When you use this code, it will:

Start up an ephemeral Ray cluster. If using the LocalRunner, the cluster will be backed by local processes. If using the CloudRunner, the cluster will be backed by Ray workers that are spun up on your Kubernetes worker.
Ensure your dependencies are usable for training. Anything you can import and use in your Sematic functions can automatically be imported and used for the code running on the Ray cluster. The same docker image managed by Sematic will be used by the Ray workers, so even native dependencies (ex: cuda) are available.
Only enter the with RayCluster block once your cluster is ready to be used.
Forward logs from Ray workers back to Sematic for display in the Sematic dashboard.
Execute your training code on the Ray cluster.
Tear down the cluster when training terminates (successfully or with a failure).

Architecture

When you use with RayCluster(...): inside a Sematic func, your Sematic func asks the Sematic server to allocate a Ray cluster. The Sematic server generates a manifest describing that cluster, which it then posts for KubeRay to use. KubeRay initializes a Kubernetes service for the new cluster, as well as pods for the Ray head node and Ray workers.

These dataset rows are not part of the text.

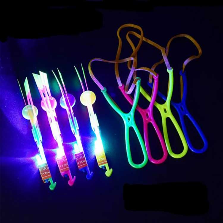 Conas an tSaighead Slingshot Soilsithe faoi stiúir a úsáid: Fuair an dá shaighead i gcruth bíseach. Coinnigh an seafta le do lámh chlé, tarraing ar ais é le do lámh dheas, agus scaoil le do chlé. Téann an tsaighead suas thart ar 20 méadar. Is í an ghné shainiúil atá aige ná a rothlú mall agus a shliocht. Comhcheangailte le soilse stiúir ionsuite. Tá na soilse fós ar siúl, níl siad ach ag athrú dathanna.
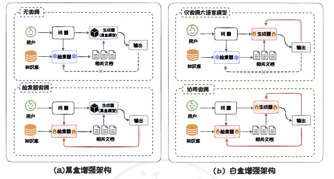 黑盒增强架构可根据是否对检索器进行微调分为两类:无微调、检索器微调。白盒增强架构也可根据是否对检索器进行微调分为两类:仅微调大语言模型、检索器与大语言模型协同微调。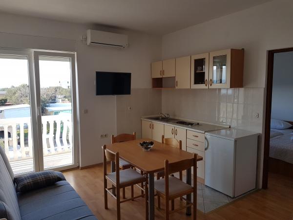 Super accommodation, very friendly hosts, fair and honest attitude. Very friendly house on a super location, practically on the beach, everything is very close, shop, restaurant. Recommended for families with children, super sandy beach practically at the end of the courtyard houses, no crowds. Apartments decorated, all as it says in the description, to house a large fireplace, a lot of shadows. To see what attractions, entertainment-seeking children is very close to Biograd and Zadar. In short, really a great location and accommodation, you really are from our side deserve the rating 10 + !!!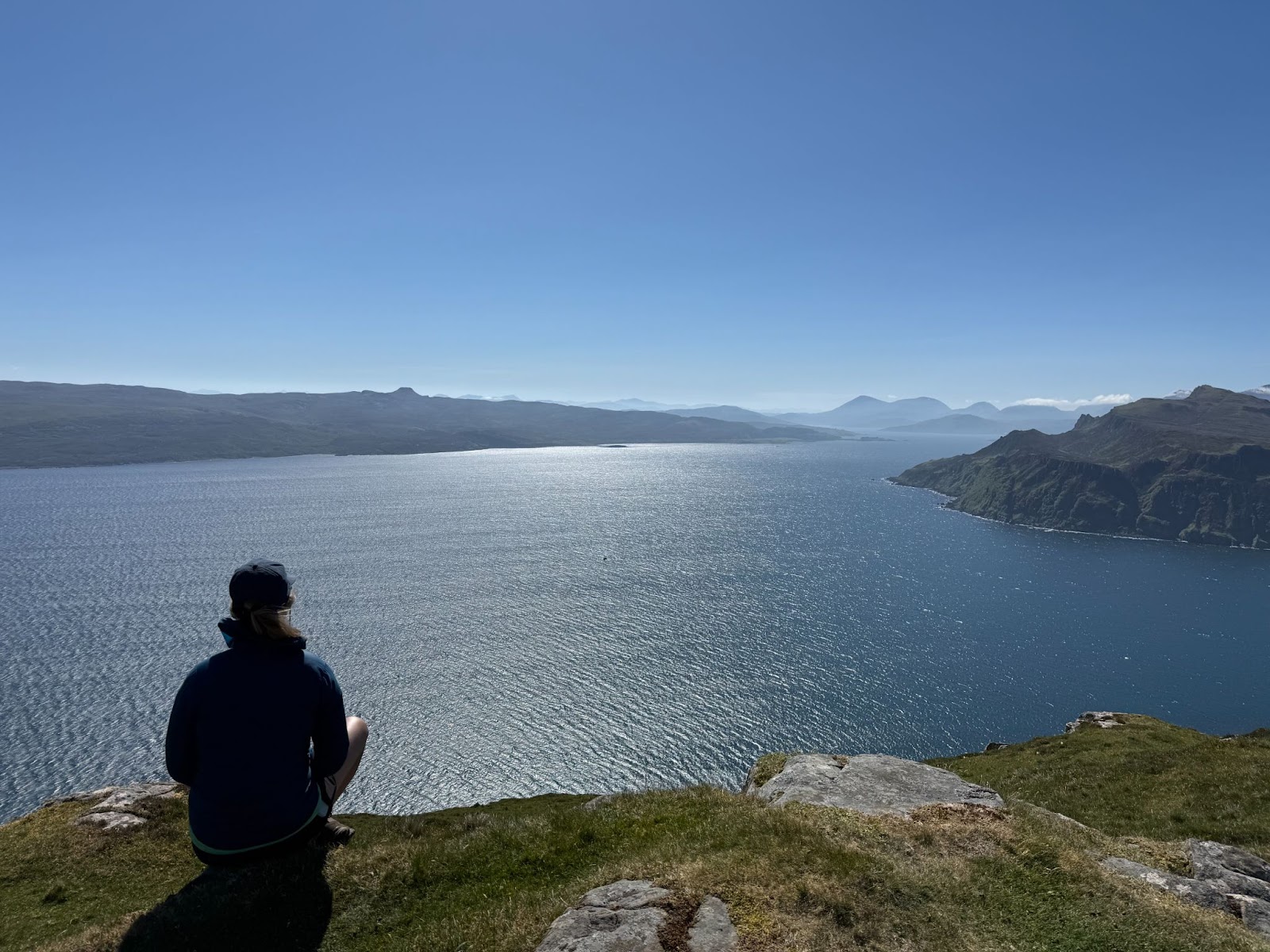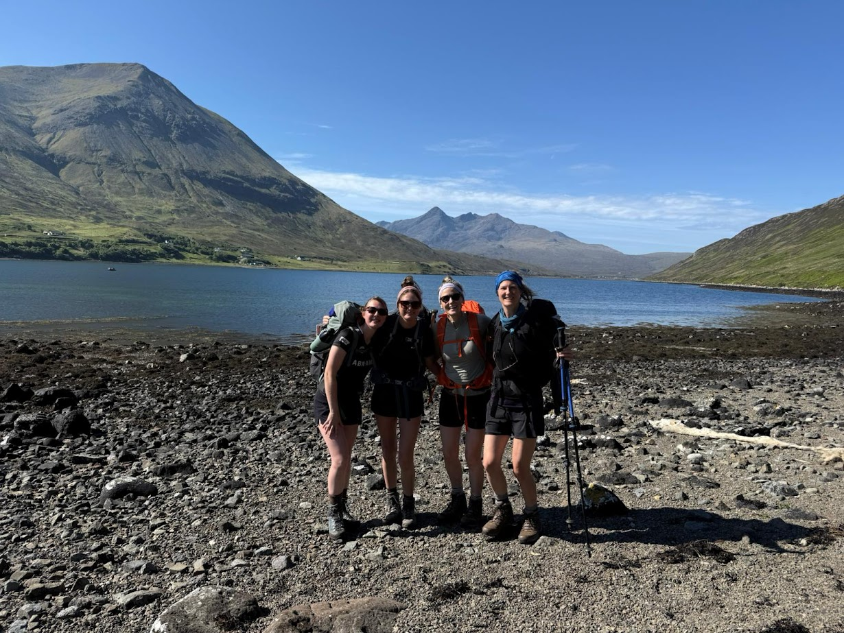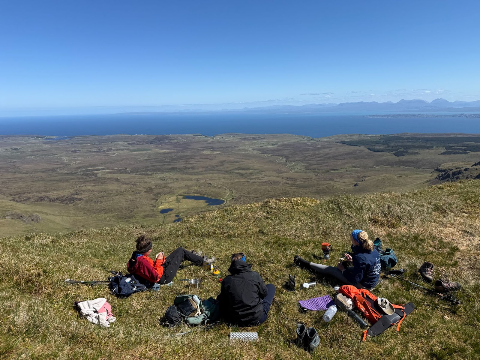 Schotland is dan wel relatief dichtbij, toch is de reis vrij lang ;). We vliegen van Schiphol naar Edinburgh, waar de bus vertrekt naar het eiland. Door vertragingen als wegopbrekingen komen we ‘s avonds laat om 22u aan op de campsite in Elgol. Hier worden we verwelkomd door de gidsen, die heel lief onze tenten al hadden opgezet, en een oneindige zwerm midges. We rennen naar binnen voor een korte briefing, ontvangen onze spullen (tent ed) en hierna komt direct het midges pakket goed van pas. Gaat dit de hele tocht zo zijn?? (Gelukkig niet haha, dit was de ergste locatie, hierna viel het alles mee – red.)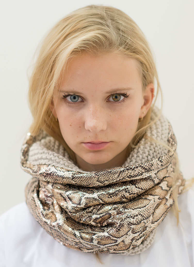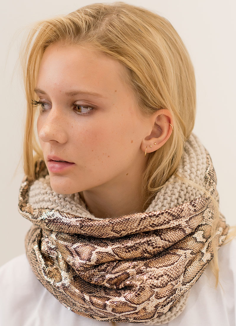 Inspired by the intricate beauty of snake skin and the allure of sequins, this snood is a must-have addition to your cold-weather collection.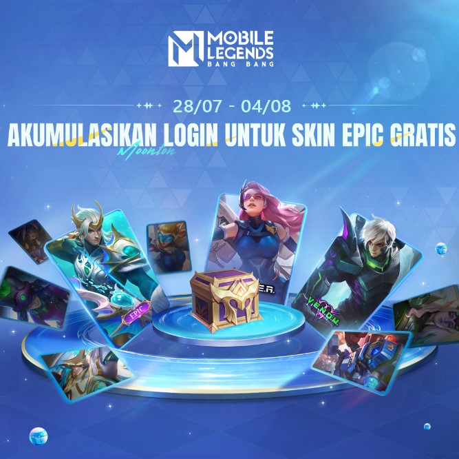 Moonton Games akan memberikan skin epic secara gratis kepada pemain, hanya dengan login ke dalam game dalam periode 28 Juli – 4 Agustus 2024. Caranya, para pemain hanya cukup masuk ke dalam game dan melakukan klaim di tab event untuk mendapatkan hadiah skin epic.

Once the Ray cluster has been initialized, the Sematic func that requested the cluster enters the body of the with RayCluster(...): code block and can make requests to the new Ray cluster. The Sematic func that does this usually doesn't need many compute resources, as the "heavy lifting" of computing is usually being taken care of by the Ray head and worker nodes. The Sematic func requests work to be done on the Ray cluster. This work ultimately takes the form of Ray tasks/actors, though the author of the Sematic func may be using a higher-level library to generate these (such as Ray Lightning for distributed pytorch training).

Multiple tasks/actors may coexist on any given Ray worker/head node, depending on the resources that head/worker have available and the resources requested by each task/actor.

Once the Sematic func is done using the Ray cluster, and completes the with RayCluster(...) context, it makes a request to the Sematic server to tear down the Ray cluster. The server then relays this request to KubeRay, which deallocates any resources that it had allocated for the cluster.

Examples

To demonstrate the power of Sematic + Ray, we have created two examples of using them to do distributed training from within a Sematic pipeline:

Using "PyTorch Lightning", an opinionated wrapper around raw PyTorch that helps standardize the structure of train/eval loops, logging of metrics, and more. Here's our example using it to do distributed training on a ResNet model.
Using Ray's "AI Runtime" (aka "Ray AIR") to distributed train a simple image classifier. Here's our example

Detailed API

RayCluster

A representation of the cluster that will be created.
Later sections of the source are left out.